La scomparsa improvvisa a maggio del sassofonista romano Carlo Conti a soli 41 anni ha colpito non solo la scena musicale della Capitale ma quella di tutto il Paese. A luglio a suonare alla serata dedicata a Carlo nella data del suo compleanno c’erano anche i Neo, la band jazz/punk/blues con cui insieme a Manlio Maresca (chitarra) e Antonio Zitarelli (batteria) firmò Neoclassico, l’album registrato dieci anni fa nello studio di Steve Albini a Chicago. Partendo da quell’esperienza, e oggi con Federico Pascucci al sax che Conti aveva già indicato come una promessa, i Neo si stanno preparando a ripartire con nuove date e un prossimo disco, anche nel nome dell’amico. Manlio lo ricorda in un momento particolare: «Era la registrazione di Invenzioni a 2 voci di Bach da Albini. Brano che avevamo lasciato per la fine della session. Eravamo in due, le porte erano aperte, il suono di questo contrappunto tagliente si espandeva nella sala a forma di enorme cupola. L’impressione era di trovarci in una chiesa consacrata alla musica dannata, un luogo di un sacro perverso nella quale sono passati la maggior parte dei musicisti che per me hanno significato l’estasi, un luogo di quel culto nato negli anni ‘90 e del quale anche noi in quel momento facevamo parte». Nella ricca discografia di Carlo troviamo un innovatore del suo strumento, sempre contro il conformismo estetico. Federico che ne è l’erede nella band: «Aveva un’innata capacità di portare all’anima dell’ascoltatore una lampante sensazione di libertà. Quel suono veicolava la spontaneità nel creare un artefatto complesso e articolato, caratteristica viva nelle mani dei musicisti provenienti da contesti tradizionali, come quello di Cuba che Carlo aveva conosciuto in ripetuti tour e viaggi. Il suo era un continuo impavido giocare con gli stilemi del linguaggio dell’improvvisazione jazz, con il blues, con il free jazz, con Parker, con Hodges, con Coltrane e Garzone. Ecco, Carlo è sicuramente un sassofonista che è riuscito a prendere gli insegnamenti di George Garzone come il concetto del chromatic triadic approach, un’idea di sviluppo del fraseggio improvvisato basato su strutture di triadi e movimenti cromatici, e a trasformarlo in uno strumento di denuncia, di emancipazione culturale. È l’integrità del musicista con l’uomo, dell’individuo con la società di cui è parte, la cui estetica non è fine a se stessa ma pregna degli ideali dell’uomo».

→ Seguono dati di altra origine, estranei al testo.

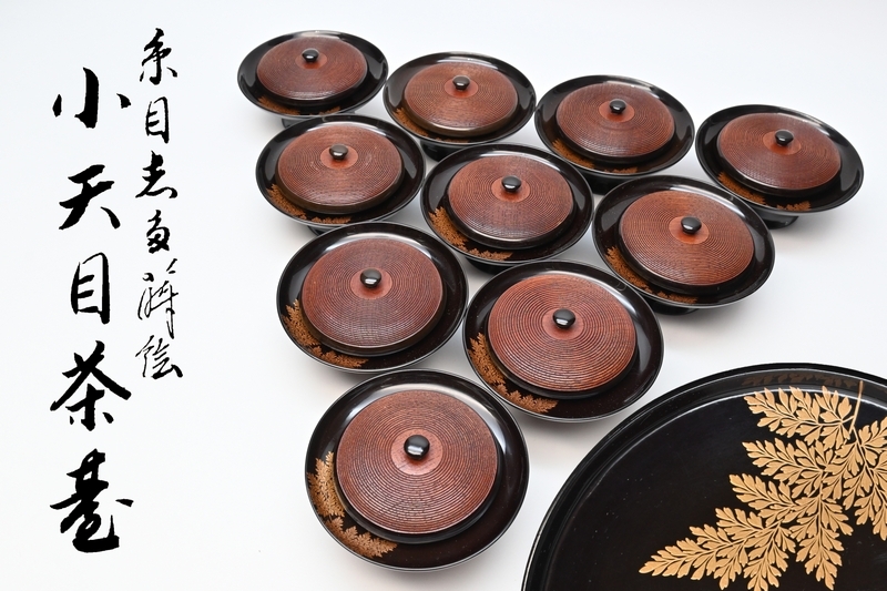 - 天目茶台 ■ 見事な 糸目忍蒔絵 小天目茶台 十客 ■ 天然木 天目台 時代漆器 茶道具 布 木箱入り ■

Neoclassico è un disco di gran pregio ma che forse non ha avuto la giusta promozione quando venne alla luce, malgrado ci sia stato un lungo tour di 50 date negli States. Riprendete in mano il progetto con la speranza che ora la scena musicale sia pronta?

Antonio: «Neoclassico ha rappresentato un punto di arrivo artistico, l’entrata di Carletto ci costrinse a migliorarci, sia nella composizione che nell’esecuzione. Era un grandissimo sostenitore del nostro approccio già prima di farne parte. Suonare cose “impossibili” e suonarle “male” non era affatto facile per uno non abituato a sbagliare nemmeno una nota, ma ci mise un brano per allinearsi, diventando in pochissimo tempo parte del gruppo come se ci fosse sempre stato, rapportandosi con noi alla pari pur se non lo eravamo affatto… Carletto è l’unico musicista che mi faceva venire i brividi anche durante il concerto. Dopo gli Usa i Neo caddero in stand by e se stiamo riformando il tutto è solo per l’amore che corre tra di noi e per Carletto. La scena musicale, credo che non sarà mai pronta al nostro linguaggio fino a quando non decideremo di mettere un beat regolare per far ballare i danzatori che si accalcano ai concerti degli altri».

A luglio avete suonato alla serata dedicata a Carlo allo Snodo Mandrione di Roma, è stata una strana festa…

Manlio: «Secondo una antica tradizione del jazz di New Orleans esiste “il funerale jazz”, una sorta di corteo funebre costituito da una banda di ottoni. Nel nostro caso si è trattato di una “festa funebre” costituita da una banda in cui si insinuava l’inafferrabile presenza di Carletto. Questo senso di amarezza mista ad apparente spensieratezza è stato tradotto in musica generando dei risultati sorprendenti. Sono sicuro che a Carletto sarebbe piaciuto».